Há substantivos compostos que, desde muito tempo, têm despertado a atenção de estudiosos, em virtude de certas peculiaridades ausentes da maior parte dos demais, notadamente no âmbito da flexão de número. Isso é o que evidencia no caso de substantivos como alto-falante, mapa-múndi e ave-maria.

Conforme o Novíssimo CALDAS AULETE, Dicionário contemporâneo da Língua Portuguesa, edição de 2014, e o Dicionário de Língua Portuguesa, de Cândido de Figueiredo, 14ª edição, os aludidos substantivos têm, respectivamente, no plural, as formas alto-falantes, mapas-mundi e ave-marias. As gramáticas tradicionais também os registram dessa maneira.

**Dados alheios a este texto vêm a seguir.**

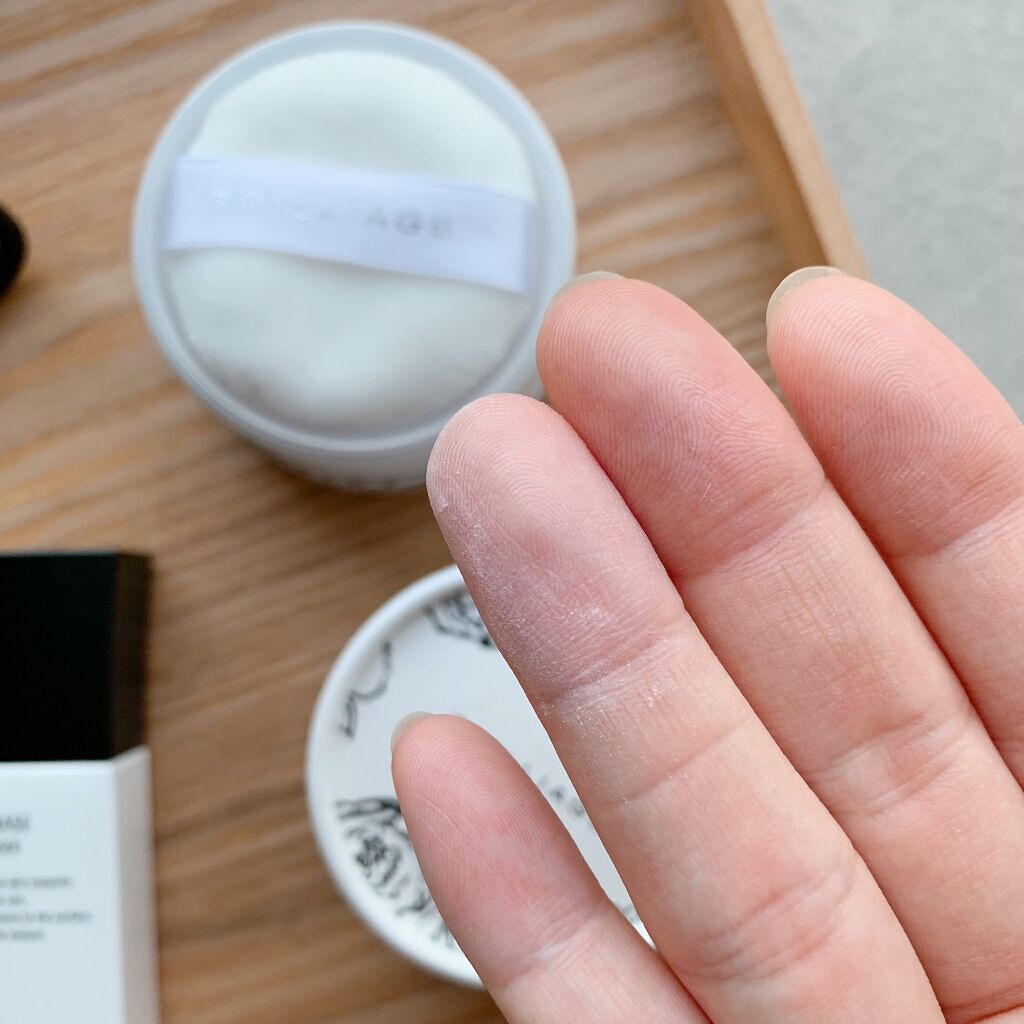 やや硬めのもったりとしたテクスチャーでものすごく伸びが良くて付け心地が軽いです。 肌に一枚薄い膜を覆ったかのように肌凹凸、毛穴カバー、くすみ、色ムラをカバーし、顔全体の印象を明るく、透明感を与えてくれます。 ややピンク味が強いです。 肌の外側はさらさらなのに、乾燥も感じませんでした。 自然なトーンアップで肌のアラをなかったことにしてくれるので、在宅勤務やオンライン会議でもこれひとつでOK。 フェイスパウダーって同じ種類だとなかなか違う種類があることって少ないと思うのですが、これは演出したい肌=なりたい女性像に応じて使い分けできるトランスペアレントルーセント・トランスペアレントグロウの2種展開になっています。 粒子が細かく、うまく毛穴をぼかしてくれて自然な仕上がりです。 今愛用している有名なデコパスのフェイスパウダーと変わらない仕上がり。 フェイスパウダーつけるとどうしても乾燥してしまうよ~と言う人はこれは潤いも奪わないのでとってもおすすめです。

Diante disso, norteado por uma visão sincrônica, o estudante mais interessado em inteirar-se acerca dos motivos de tais flexões vai deparar-se de uma série de duvidas, que, dada a sua complexidade, requer dele um estudo mais aprofundado.

A primeira delas diz respeito à não flexão do suposto adjetivo alto; a segunda vincula-se à ausência de flexão do nome “mundi” e à grafia deste com um “i”, final; a terceira refere-se à falta de flexão do nome “ave”.

Pelo que se observa, esses aspectos de cunho linguístico ventilados suscitarão explicações calcadas na história da língua.